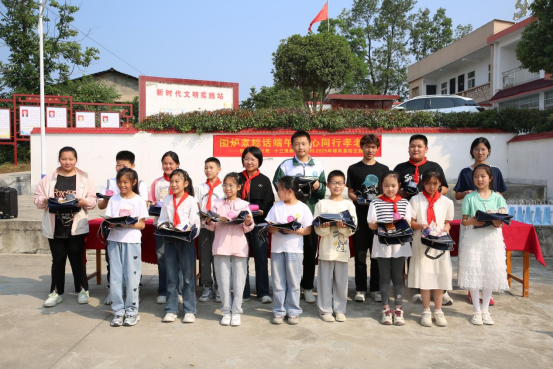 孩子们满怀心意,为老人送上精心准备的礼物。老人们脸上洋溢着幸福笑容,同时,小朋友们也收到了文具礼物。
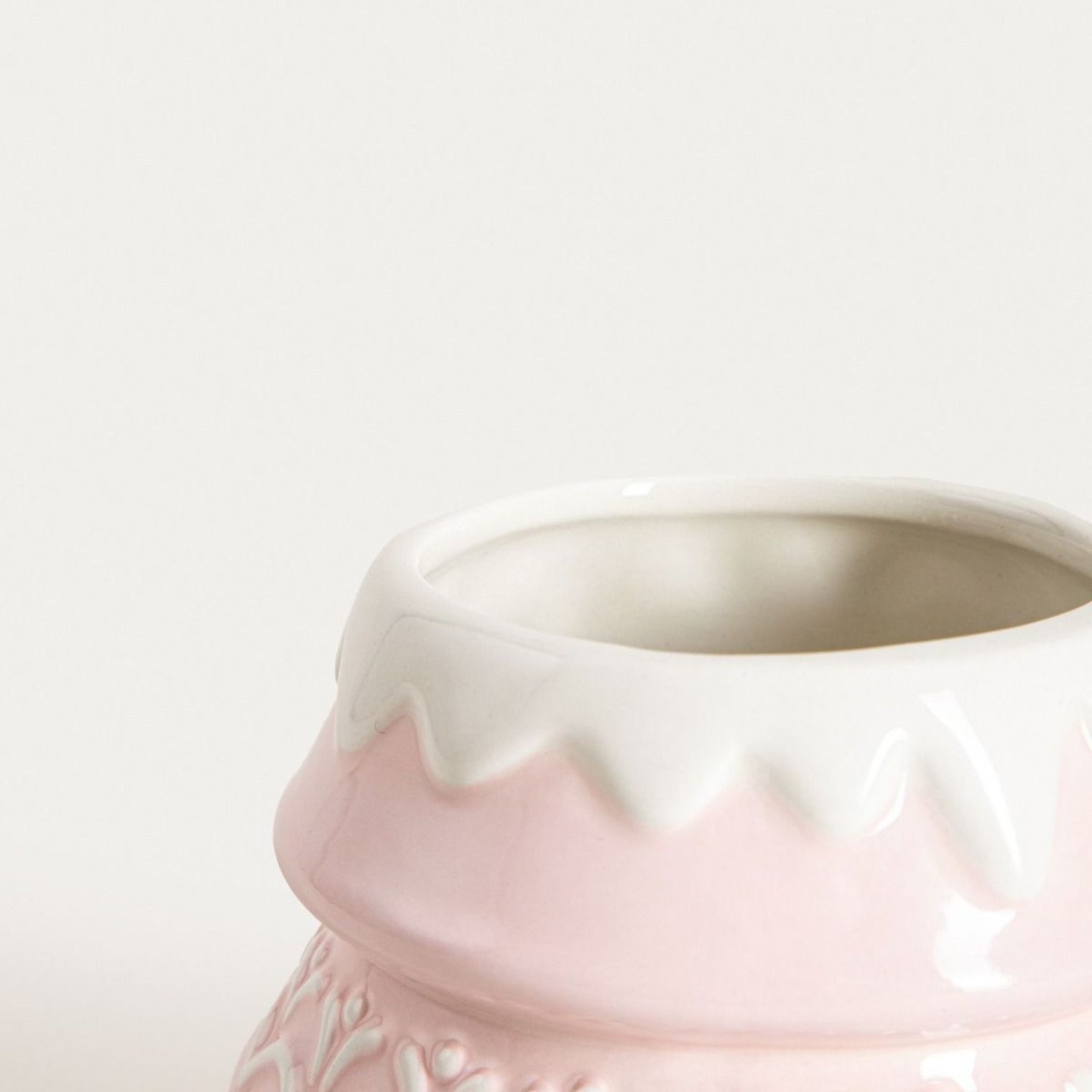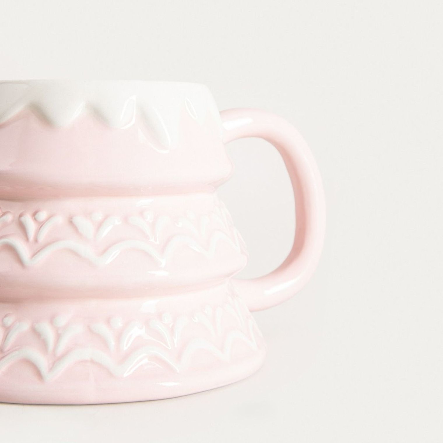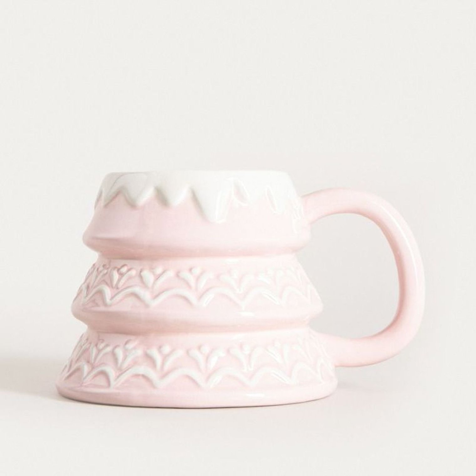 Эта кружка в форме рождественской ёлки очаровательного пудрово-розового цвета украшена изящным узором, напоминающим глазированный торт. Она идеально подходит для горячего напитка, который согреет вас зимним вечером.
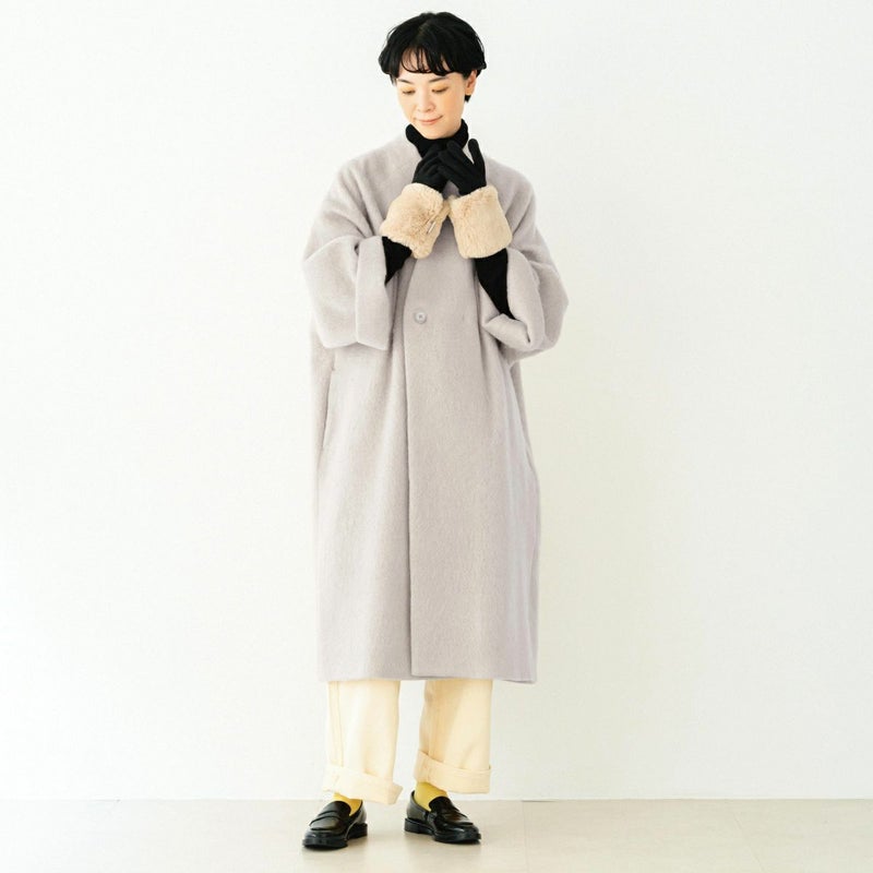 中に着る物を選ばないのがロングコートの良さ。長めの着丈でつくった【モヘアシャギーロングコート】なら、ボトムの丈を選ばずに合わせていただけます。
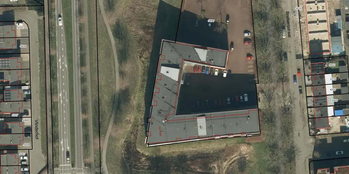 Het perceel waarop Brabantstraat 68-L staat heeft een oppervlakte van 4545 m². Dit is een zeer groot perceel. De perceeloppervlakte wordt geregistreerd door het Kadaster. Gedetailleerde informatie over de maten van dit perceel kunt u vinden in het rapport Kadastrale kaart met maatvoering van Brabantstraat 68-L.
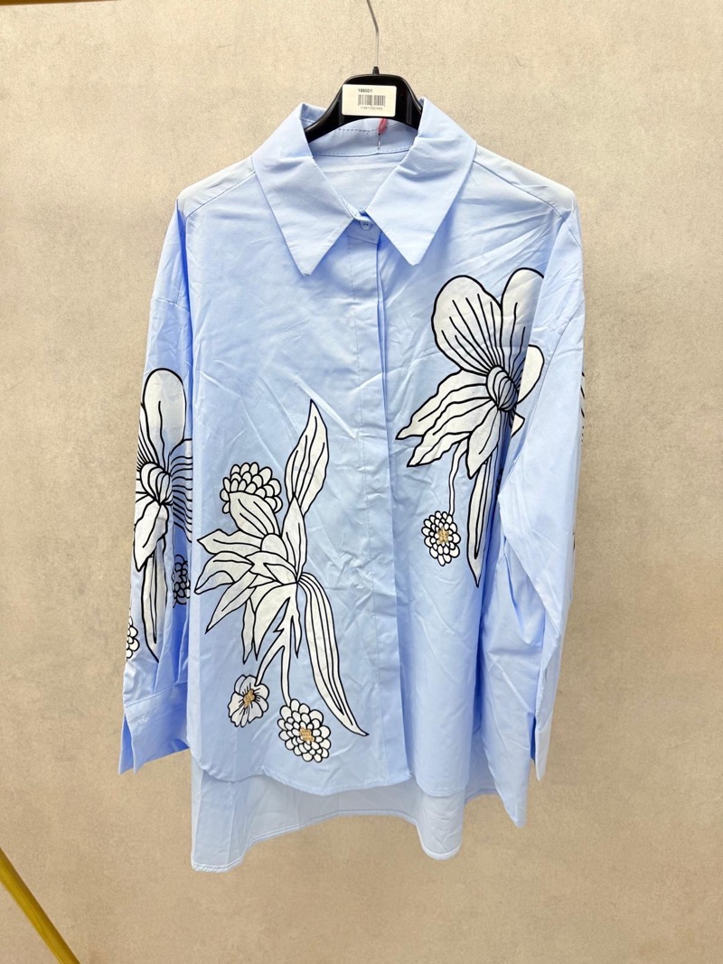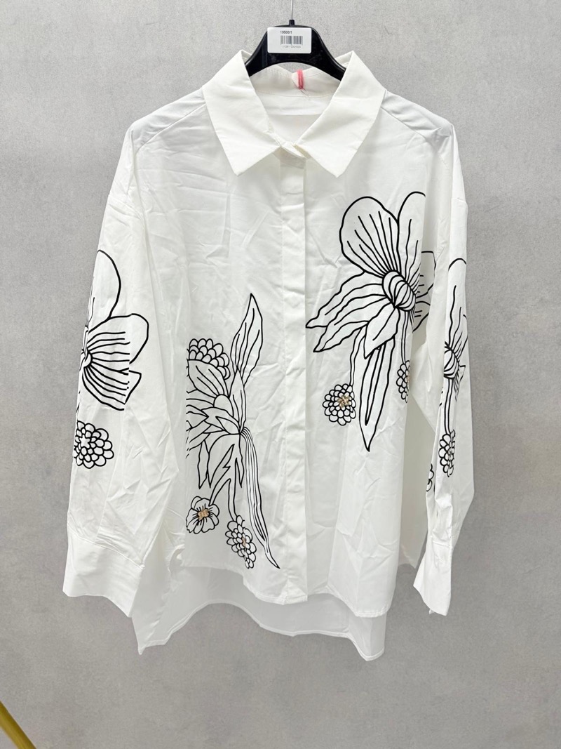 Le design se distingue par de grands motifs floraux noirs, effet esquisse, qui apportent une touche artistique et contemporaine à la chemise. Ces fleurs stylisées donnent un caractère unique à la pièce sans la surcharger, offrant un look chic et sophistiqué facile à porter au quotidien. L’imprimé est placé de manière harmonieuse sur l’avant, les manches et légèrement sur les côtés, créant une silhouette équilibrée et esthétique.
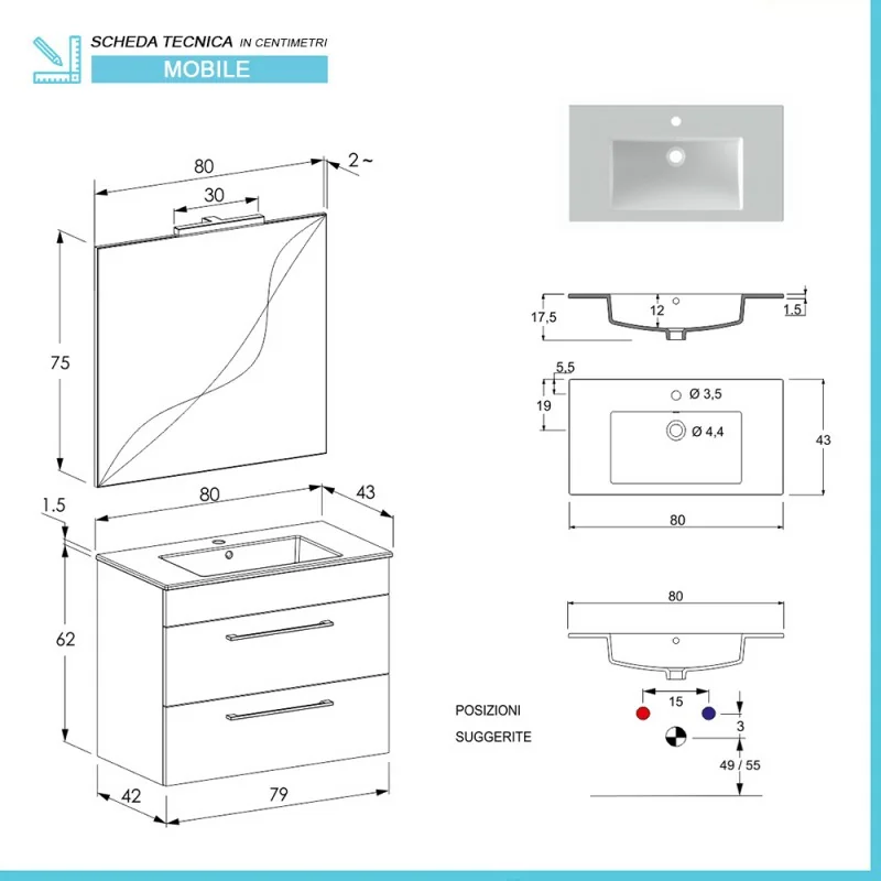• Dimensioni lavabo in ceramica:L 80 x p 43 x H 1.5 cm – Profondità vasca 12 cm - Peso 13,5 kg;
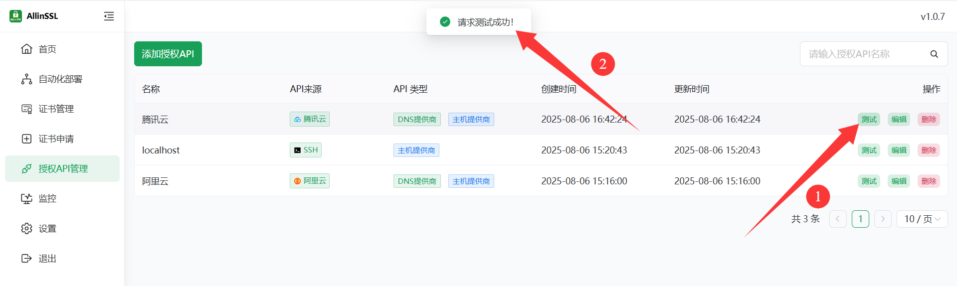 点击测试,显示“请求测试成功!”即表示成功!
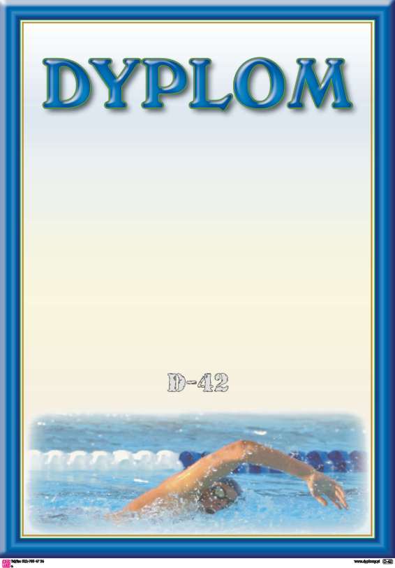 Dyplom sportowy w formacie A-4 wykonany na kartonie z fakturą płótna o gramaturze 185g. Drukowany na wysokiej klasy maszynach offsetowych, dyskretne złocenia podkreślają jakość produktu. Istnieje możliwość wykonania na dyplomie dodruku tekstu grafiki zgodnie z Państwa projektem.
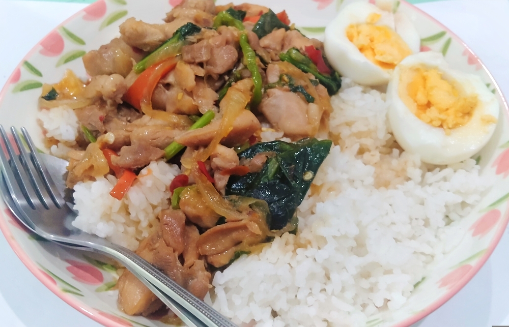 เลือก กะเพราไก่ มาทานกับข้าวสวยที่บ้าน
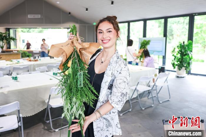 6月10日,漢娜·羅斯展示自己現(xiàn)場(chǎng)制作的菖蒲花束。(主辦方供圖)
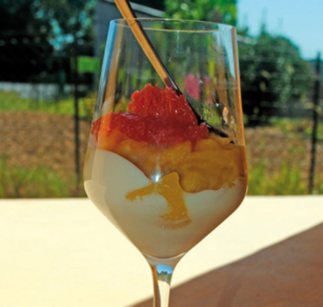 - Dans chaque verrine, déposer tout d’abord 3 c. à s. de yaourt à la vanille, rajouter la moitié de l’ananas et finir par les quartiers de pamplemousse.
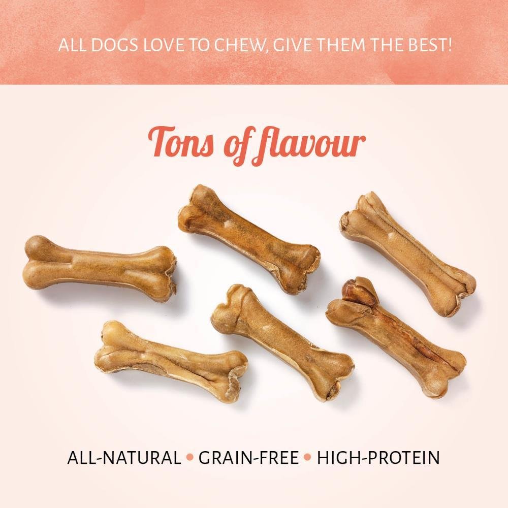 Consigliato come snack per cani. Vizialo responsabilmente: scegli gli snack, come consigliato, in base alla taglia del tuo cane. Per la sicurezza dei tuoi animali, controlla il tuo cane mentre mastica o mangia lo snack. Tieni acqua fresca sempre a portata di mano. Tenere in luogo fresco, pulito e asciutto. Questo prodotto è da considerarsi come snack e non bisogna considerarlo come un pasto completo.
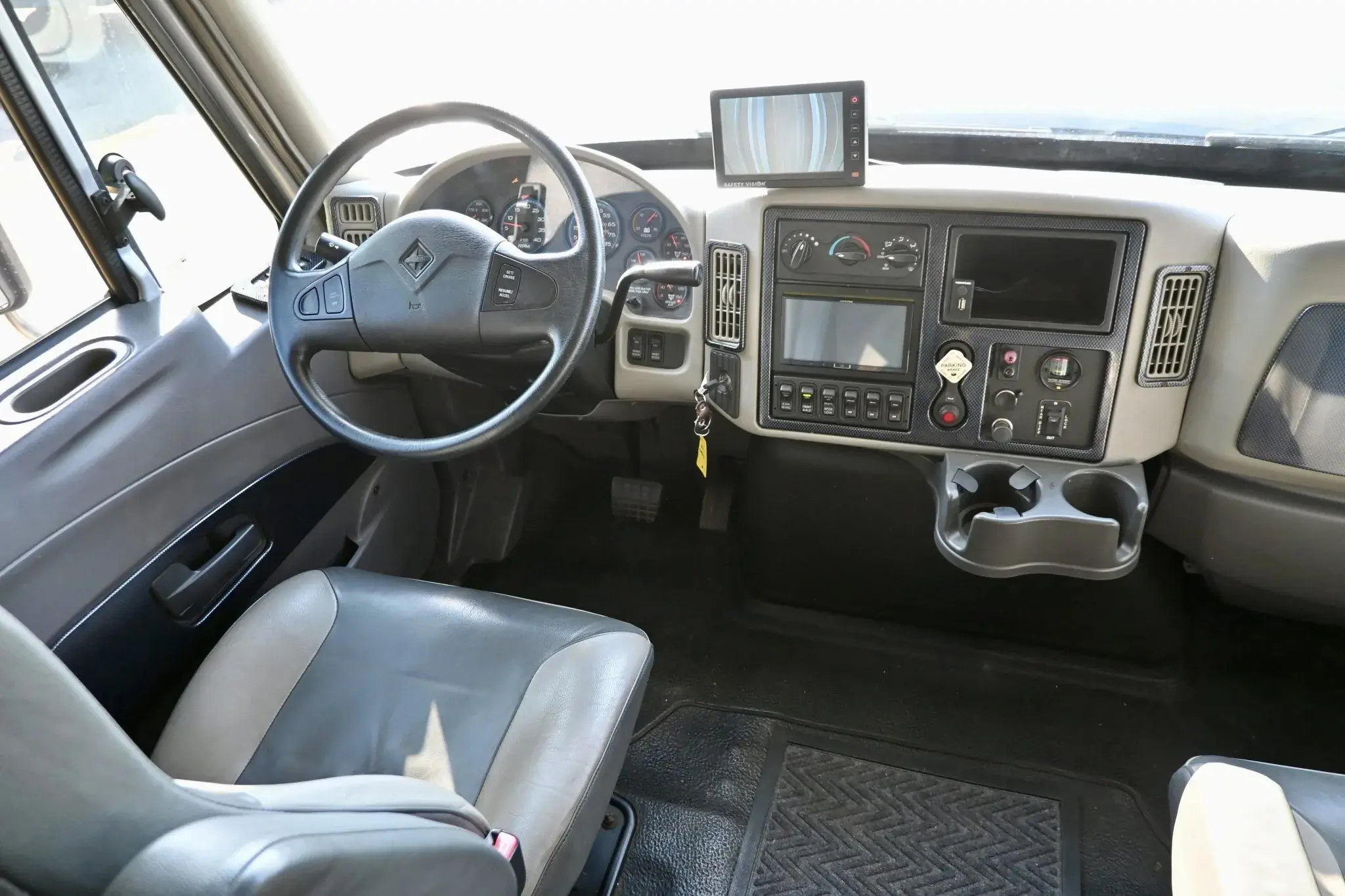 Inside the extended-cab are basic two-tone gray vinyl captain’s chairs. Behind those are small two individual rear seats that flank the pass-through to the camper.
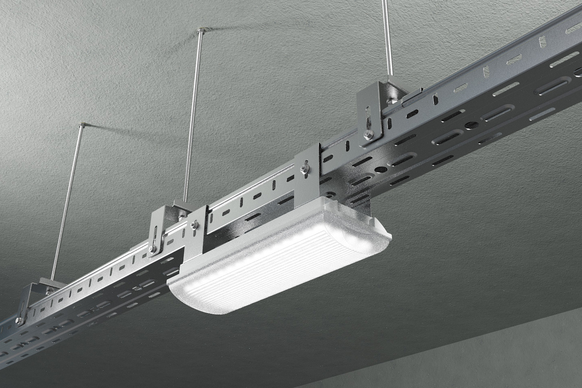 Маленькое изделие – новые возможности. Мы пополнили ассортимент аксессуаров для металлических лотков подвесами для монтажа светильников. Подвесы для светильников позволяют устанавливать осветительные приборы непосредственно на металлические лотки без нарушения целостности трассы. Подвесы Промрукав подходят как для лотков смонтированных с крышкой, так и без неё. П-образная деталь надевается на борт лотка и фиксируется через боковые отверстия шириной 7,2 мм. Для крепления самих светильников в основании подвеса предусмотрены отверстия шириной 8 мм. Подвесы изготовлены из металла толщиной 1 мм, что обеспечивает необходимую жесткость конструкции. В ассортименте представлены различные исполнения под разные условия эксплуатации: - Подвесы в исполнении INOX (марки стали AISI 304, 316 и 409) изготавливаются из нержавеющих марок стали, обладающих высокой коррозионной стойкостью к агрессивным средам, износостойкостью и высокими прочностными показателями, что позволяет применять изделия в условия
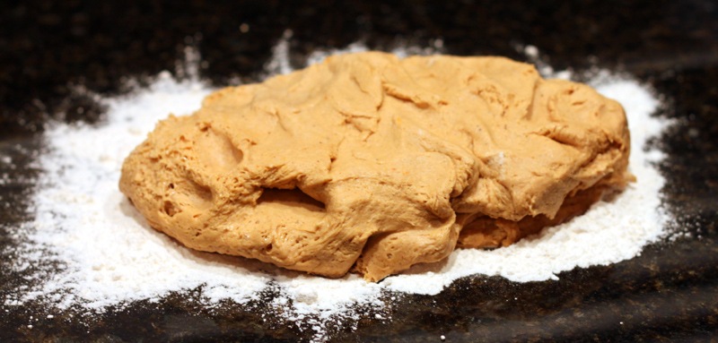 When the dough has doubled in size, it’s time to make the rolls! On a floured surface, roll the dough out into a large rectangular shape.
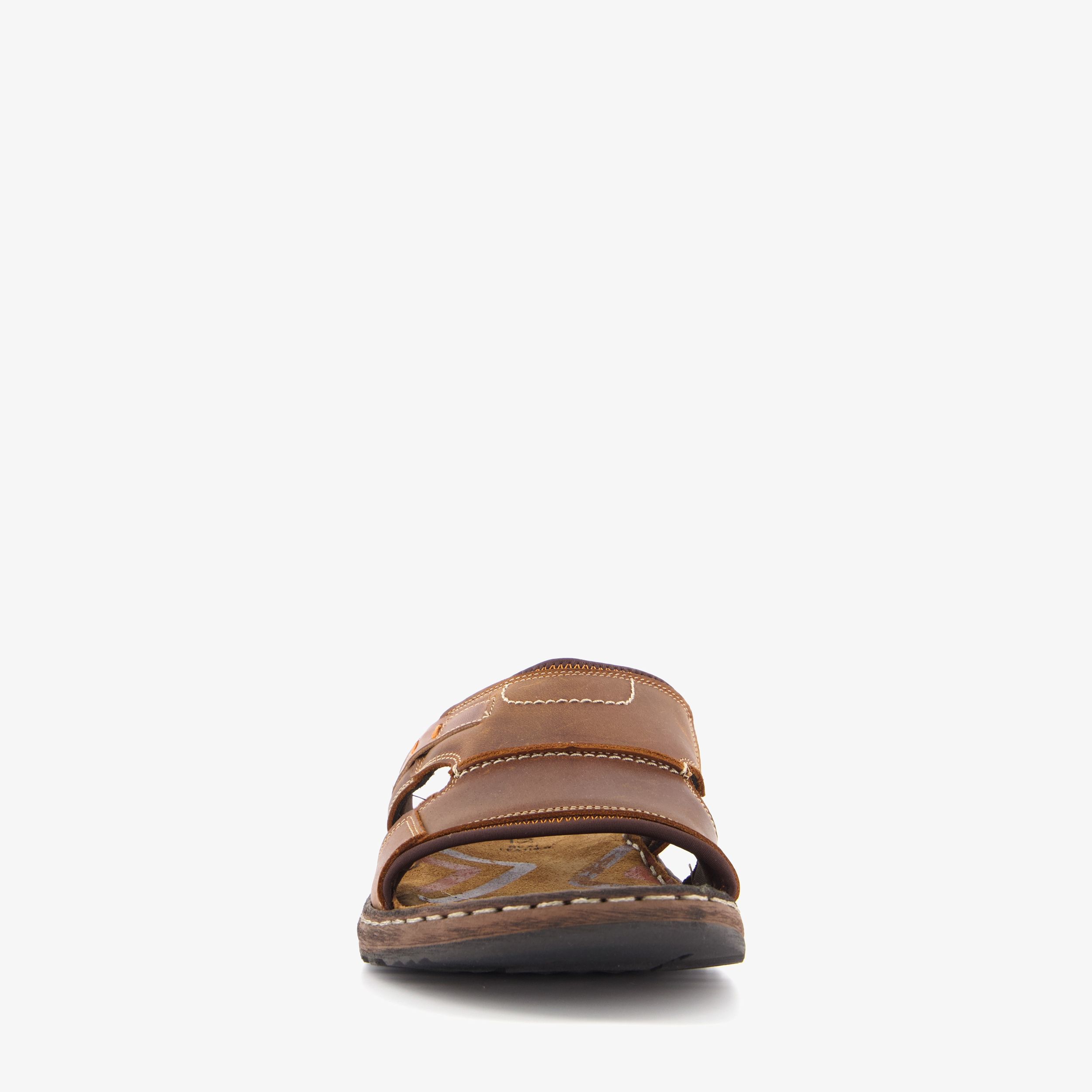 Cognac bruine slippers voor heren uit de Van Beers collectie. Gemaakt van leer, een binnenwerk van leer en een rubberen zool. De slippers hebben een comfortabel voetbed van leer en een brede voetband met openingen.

**Problem description:**
Though the entries above contain pictures, none should be copied; reproduce only the lines between the one holding "中に着る物を選ばないのがロン" and the one holding "Het perceel waarop", inclusive, exactly as written.

**Problem solution:**
 中に着る物を選ばないのがロングコートの良さ。長めの着丈でつくった【モヘアシャギーロングコート】なら、ボトムの丈を選ばずに合わせていただけます。
 Het perceel waarop Brabantstraat 68-L staat heeft een oppervlakte van 4545 m². Dit is een zeer groot perceel. De perceeloppervlakte wordt geregistreerd door het Kadaster. Gedetailleerde informatie over de maten van dit perceel kunt u vinden in het rapport Kadastrale kaart met maatvoering van Brabantstraat 68-L.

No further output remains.